If you get a response, you are connected. If it hangs, check that ollama serve is running and the model name matches exactly.
LM Studio + Cursor: Step-by-Step
LM Studio is the better choice if you want a GUI for downloading and switching models.
1. Install LM Studio
Download from lmstudio.ai. Available for macOS, Windows, and Linux.
2. Download a Model
Open LM Studio, go to the Discover tab, and search for a code model. Good picks:
TheBloke/CodeLlama-7B-Instruct-GGUFTheBloke/DeepSeek-Coder-6.7B-Instruct-GGUFQwen/Qwen2.5-Coder-7B-Instruct-GGUF
Download the Q4_K_M or Q5_K_M quantization for a balance of size and quality.
3. Start the Local Server
In LM Studio, go to the Local Server tab on the left. Load your model, then click Start Server.
By default, it runs on:
http://localhost:1234/v1
4. Configure Cursor
Same process as Ollama. In Cursor Settings > Models > OpenAI API Key, set:
http://localhost:1234/v1
The model name field can be left as local-model or whatever placeholder LM Studio expects. LM Studio ignores the model name and uses whatever is currently loaded.
5. Verify
Run the same test prompt. LM Studio's server logs show incoming requests, which is useful for debugging.
What Works and What Does Not
Local models are not a drop-in replacement for Claude 3.5 Sonnet or GPT-4o. Here is the honest breakdown:
| Task | Local 7B-13B | Cloud (Claude/GPT-4) |
|---|---|---|
| Simple refactors | Good | Excellent |
| Boilerplate generation | Good | Excellent |
| Complex architecture decisions | Weak | Excellent |
| Understanding large codebases | Weak | Excellent |
| Multi-file edits | Weak | Good |
| Speed (with GPU) | Fast | Network-dependent |
| Speed (CPU only) | Slow | Network-dependent |
Running a 13B model on CPU can take 10-30 seconds per response. A modern GPU (RTX 3060 or better) brings this down to 1-3 seconds. Manage your expectations.
Hybrid Strategy: The Practical Approach
Most developers who stick with local models use a hybrid workflow rather than going all-in:
- Local model for quick, safe tasks: lint fixes, renaming, simple regex, explaining a function.
- Cloud model for heavy lifting: designing new features, debugging tricky issues, cross-file refactoring.
- Switch based on project: open source or non-sensitive code → cloud; proprietary or regulated code → local.

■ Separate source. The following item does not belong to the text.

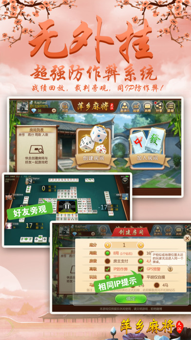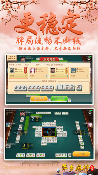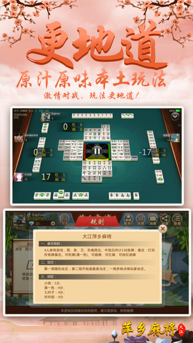 萍乡人都在玩的包房麻将,不玩你就out啦! 【最地道】 最地道的萍乡二五八麻将,使用筒、条、万、中发白,东南西北共计136张牌的4人麻将游戏;可碰,可扛,无赖子,只有胡清一色时能吃牌。要玩就玩萍乡人自己的麻将! 【最好玩】 再也不用苦于配桌,全民手机时代,你可以再手机上随时随地和亲朋好友搓麻将,是传统麻将馆的有力补充。快和亲朋好友一起开房,决一高下吧! 【最稳定】 大厂出品,确保游戏过程更加稳定,专心玩游戏,没有掉线卡顿烦恼。 【最靠谱】 可以录像回放,GPS预警,杜绝外挂,真实可靠。 【最智能】 智能提示、界面大方更具人性化,支持智能单独、分开支付房费。
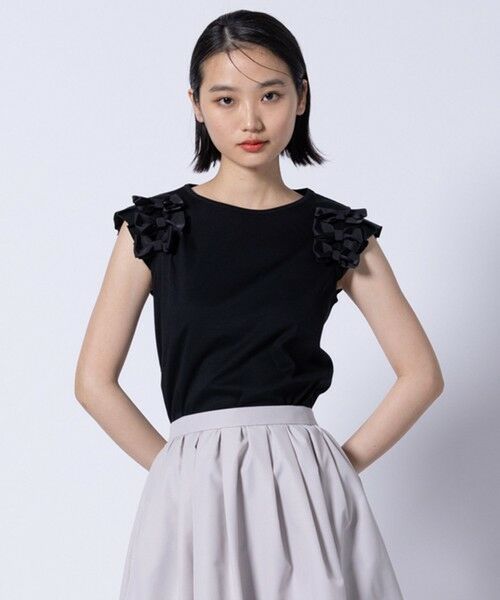 2025 SPRING COLLECTION BOW PARTY ボウパーティー こちらの商品は、ご家庭で水洗いできる商品です。 プチフリルと可愛らしいリボンがアクセントとなり、フェミニンでエレガントな印象を与えるTシャツです。シンプルなボディラインに仕立てられているため、どんなスタイルにも合わせやすく、着回し力抜群。程よいサイズ感で、体のラインを程良くカバーしつつも、女性らしさを引き立ててくれます。柔らかなカットソー素材は肌触りがよく、デイリーユースにも最適。1枚で、シンプルでありながらも華やかさを感じさせ、着る人を引き立ててくれるアイテムです。 【素材】 発色性が良く光沢感のある素材。適度なドレープ感とソフトな風合いが特徴です。 ☆生地の厚さ:普通 ☆伸縮性:ややあり ☆透け感:ややあり洗濯表示【本体のみ】40℃まで弱洗濯可 塩素系漂白不可 タンブル乾燥不可 日陰つり干し乾燥 アイロンは160℃まで ドライクリーニング可 弱いウェットクリーニング可

Cursor makes this easy because you can change the model in settings without restarting the IDE. Some users keep two Cursor windows open — one pointed at local, one at cloud — though that is more of a workaround than a feature.
If you have a Mac with Apple Silicon, Ollama leverages the Neural Engine well. A MacBook Pro M3 Pro can run a 13B model at usable speeds without draining the battery like a discrete GPU would.
Troubleshooting
"Connection refused" errors
- Check that the server is running (
ollama serveor LM Studio server tab). - Verify the port: Ollama uses 11434, LM Studio uses 1234.
- Check your firewall or corporate proxy.
Slow responses
- Use a smaller model or a higher quantization (Q4 instead of Q5).
- Ensure your GPU is being used. Ollama logs show
GPUorCPUon load. - Close other GPU-heavy apps.
Nonsensical outputs
- The model name might not match. Ollama is picky about exact names.
- Some models need a specific prompt format. Instruct models work better than base models for chat.
Cursor ignores the local setting
- Make sure you are overriding the OpenAI base URL, not just adding a custom model.
- Restart Cursor after changing the base URL.
Final Thoughts
Local LLMs with Cursor are viable today for a subset of tasks. They are not as capable as cloud models, but for privacy-conscious developers or those working in restricted environments, they are often good enough. Start with Ollama if you want speed of setup, or LM Studio if you prefer a GUI. Expect to iterate on model choice and workflow before you find what works for your projects.